▶ **WORK ITEM**: Retype, exactly and with both ends included, the lines below from the one containing "- BOTTOM FIXED" through the end; omit the pictures.
Start of DATASET CONTENT
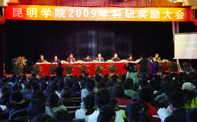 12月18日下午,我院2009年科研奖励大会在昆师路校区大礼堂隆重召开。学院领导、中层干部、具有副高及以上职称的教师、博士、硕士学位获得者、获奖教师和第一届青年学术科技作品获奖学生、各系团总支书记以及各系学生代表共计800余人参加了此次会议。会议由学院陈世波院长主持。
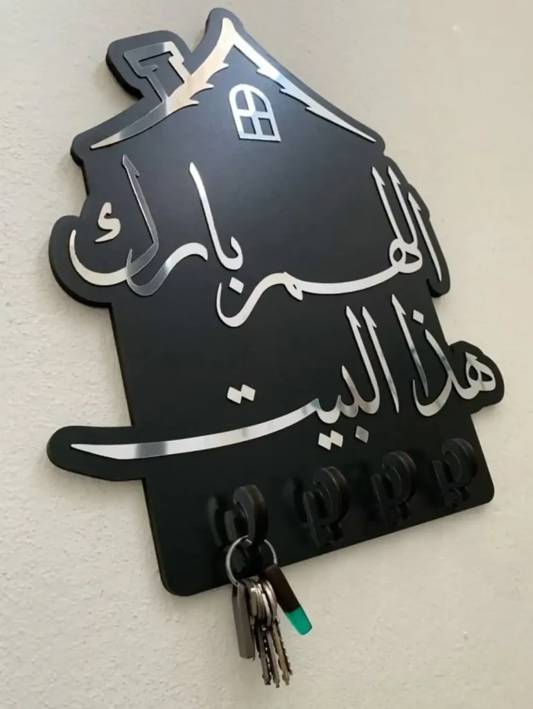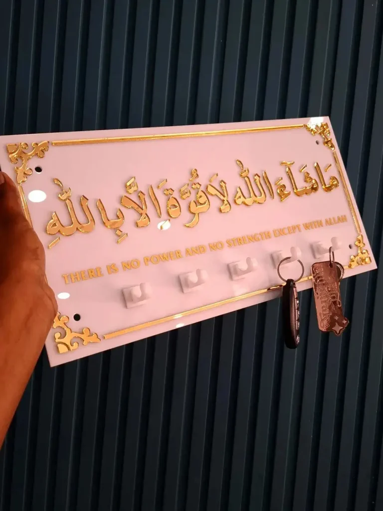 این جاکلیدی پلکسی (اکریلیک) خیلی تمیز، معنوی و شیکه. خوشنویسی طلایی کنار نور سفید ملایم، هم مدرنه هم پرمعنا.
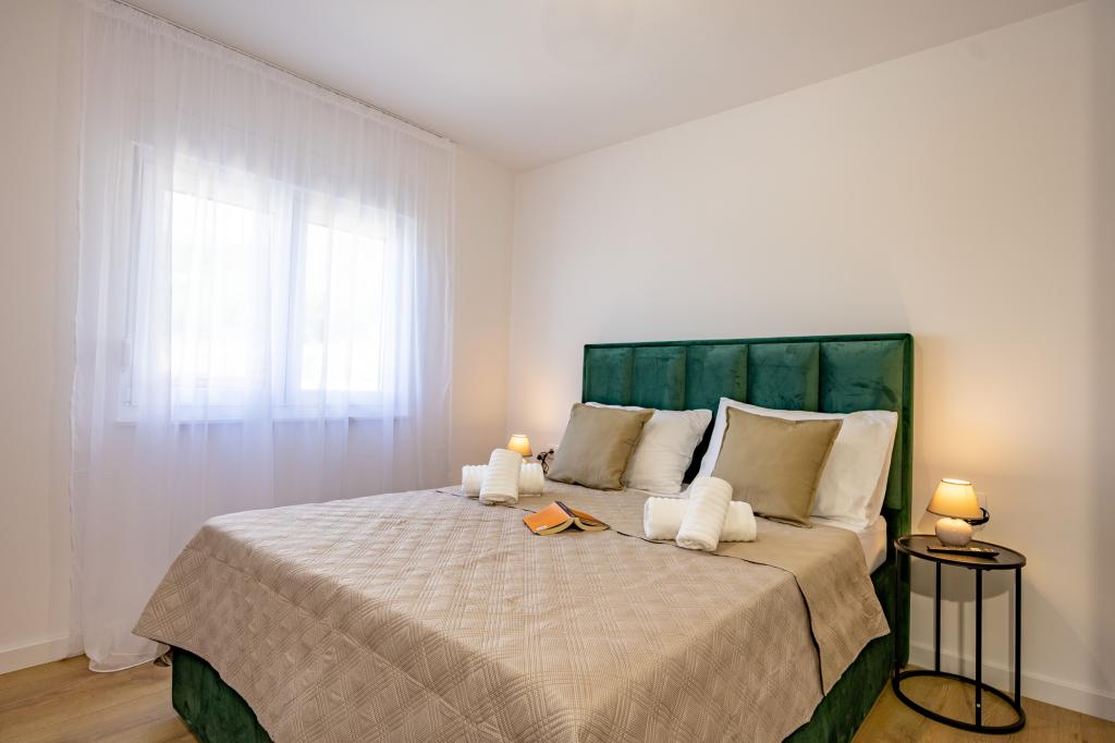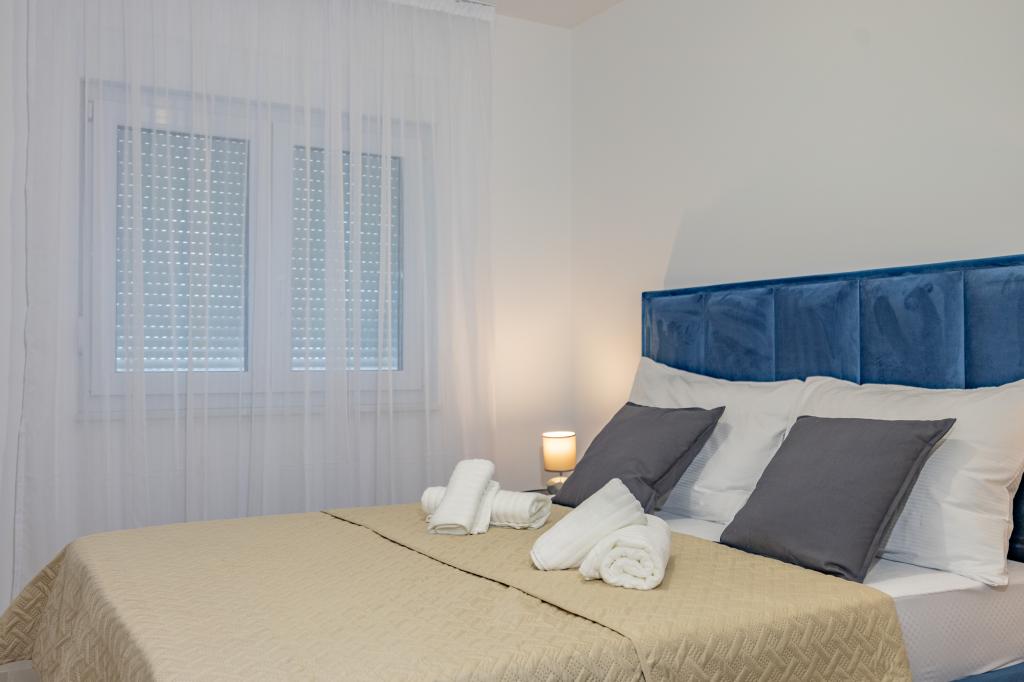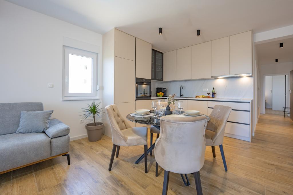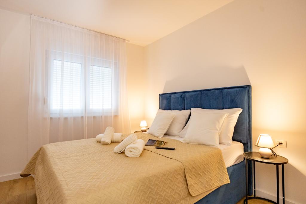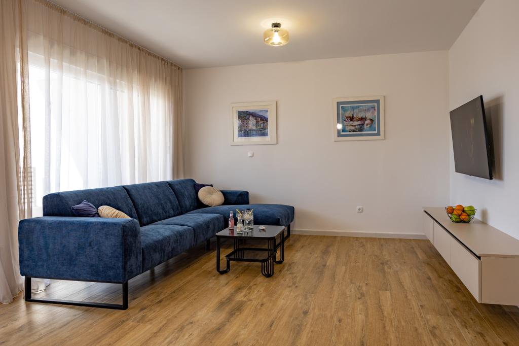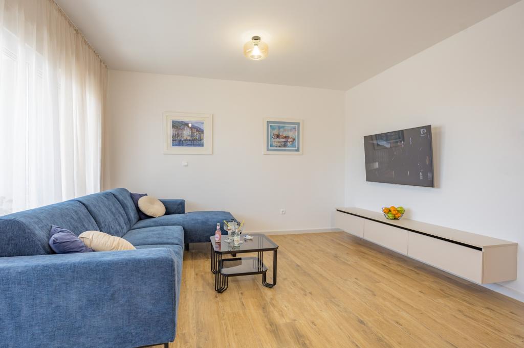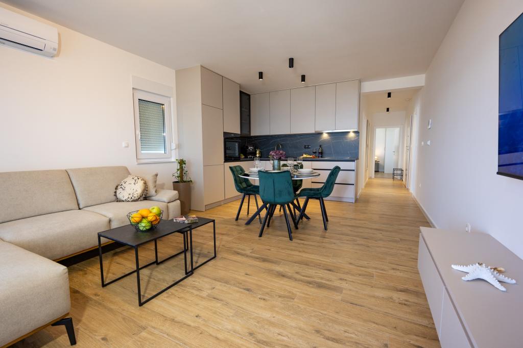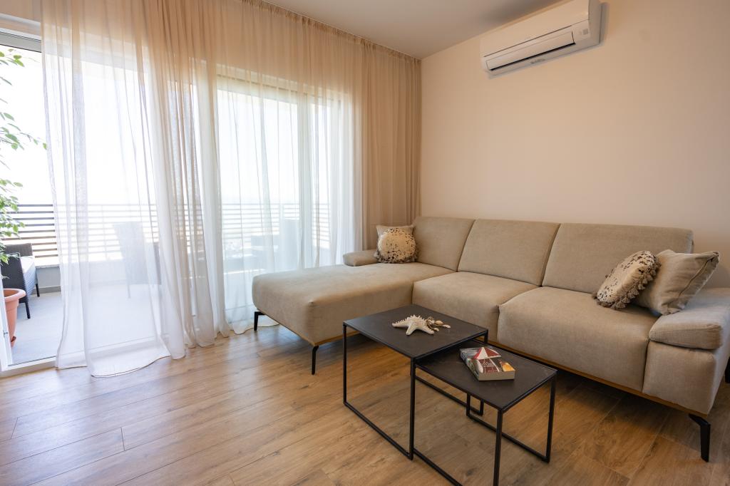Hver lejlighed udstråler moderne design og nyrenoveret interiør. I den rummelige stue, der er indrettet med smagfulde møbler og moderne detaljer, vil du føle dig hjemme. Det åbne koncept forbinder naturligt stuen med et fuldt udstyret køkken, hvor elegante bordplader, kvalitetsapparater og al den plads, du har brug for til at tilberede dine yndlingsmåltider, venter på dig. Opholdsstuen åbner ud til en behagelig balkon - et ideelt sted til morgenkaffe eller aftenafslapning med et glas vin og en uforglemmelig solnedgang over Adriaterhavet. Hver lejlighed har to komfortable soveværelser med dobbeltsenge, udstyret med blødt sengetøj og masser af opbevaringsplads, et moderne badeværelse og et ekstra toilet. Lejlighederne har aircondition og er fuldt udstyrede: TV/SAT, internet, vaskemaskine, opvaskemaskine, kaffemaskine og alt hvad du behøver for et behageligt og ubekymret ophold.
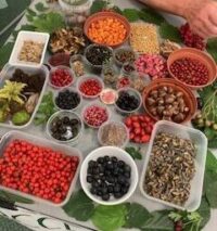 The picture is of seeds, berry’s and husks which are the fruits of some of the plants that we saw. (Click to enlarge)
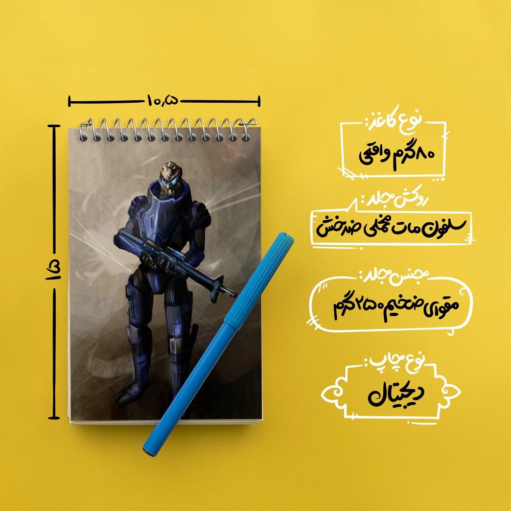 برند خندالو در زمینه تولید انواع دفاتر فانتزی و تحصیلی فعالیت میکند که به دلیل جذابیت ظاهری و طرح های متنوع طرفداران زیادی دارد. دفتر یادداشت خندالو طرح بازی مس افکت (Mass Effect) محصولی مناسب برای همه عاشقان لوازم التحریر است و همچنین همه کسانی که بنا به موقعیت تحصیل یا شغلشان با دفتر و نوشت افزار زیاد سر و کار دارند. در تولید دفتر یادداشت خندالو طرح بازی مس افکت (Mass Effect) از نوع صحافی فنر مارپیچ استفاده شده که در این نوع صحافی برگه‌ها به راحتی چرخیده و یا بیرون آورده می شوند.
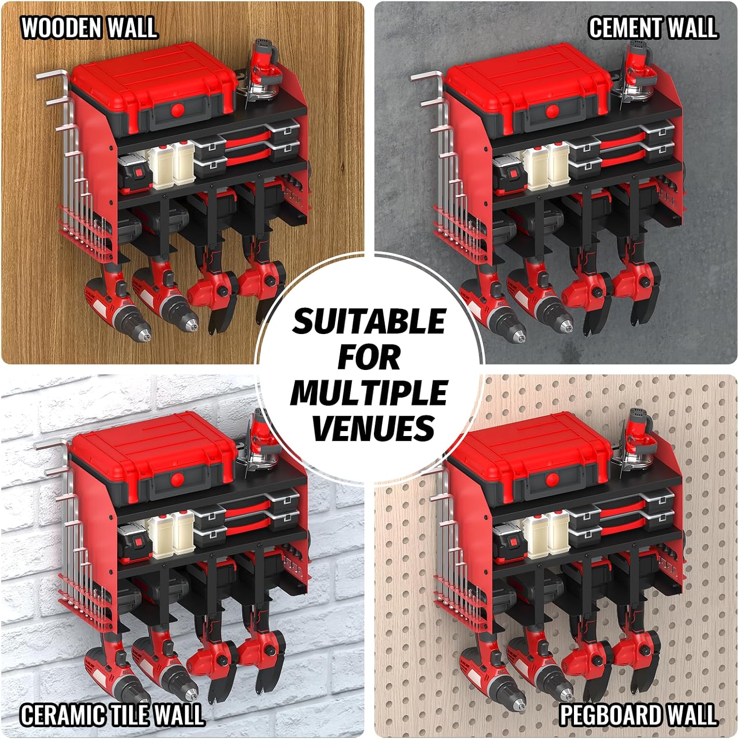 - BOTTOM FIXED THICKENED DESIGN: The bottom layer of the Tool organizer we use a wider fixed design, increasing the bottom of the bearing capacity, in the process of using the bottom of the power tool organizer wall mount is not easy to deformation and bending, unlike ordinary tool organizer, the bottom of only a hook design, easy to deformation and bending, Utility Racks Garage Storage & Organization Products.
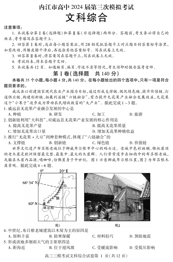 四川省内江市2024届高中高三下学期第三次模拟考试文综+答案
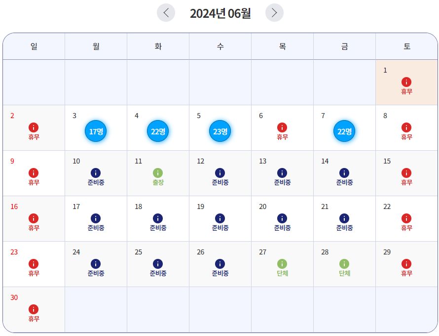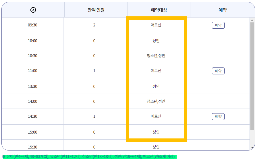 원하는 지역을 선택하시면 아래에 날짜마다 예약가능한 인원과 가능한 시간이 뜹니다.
End of DATASET CONTENT
▶ **ANSWER**:
 - BOTTOM FIXED THICKENED DESIGN: The bottom layer of the Tool organizer we use a wider fixed design, increasing the bottom of the bearing capacity, in the process of using the bottom of the power tool organizer wall mount is not easy to deformation and bending, unlike ordinary tool organizer, the bottom of only a hook design, easy to deformation and bending, Utility Racks Garage Storage & Organization Products.
 四川省内江市2024届高中高三下学期第三次模拟考试文综+答案
 원하는 지역을 선택하시면 아래에 날짜마다 예약가능한 인원과 가능한 시간이 뜹니다.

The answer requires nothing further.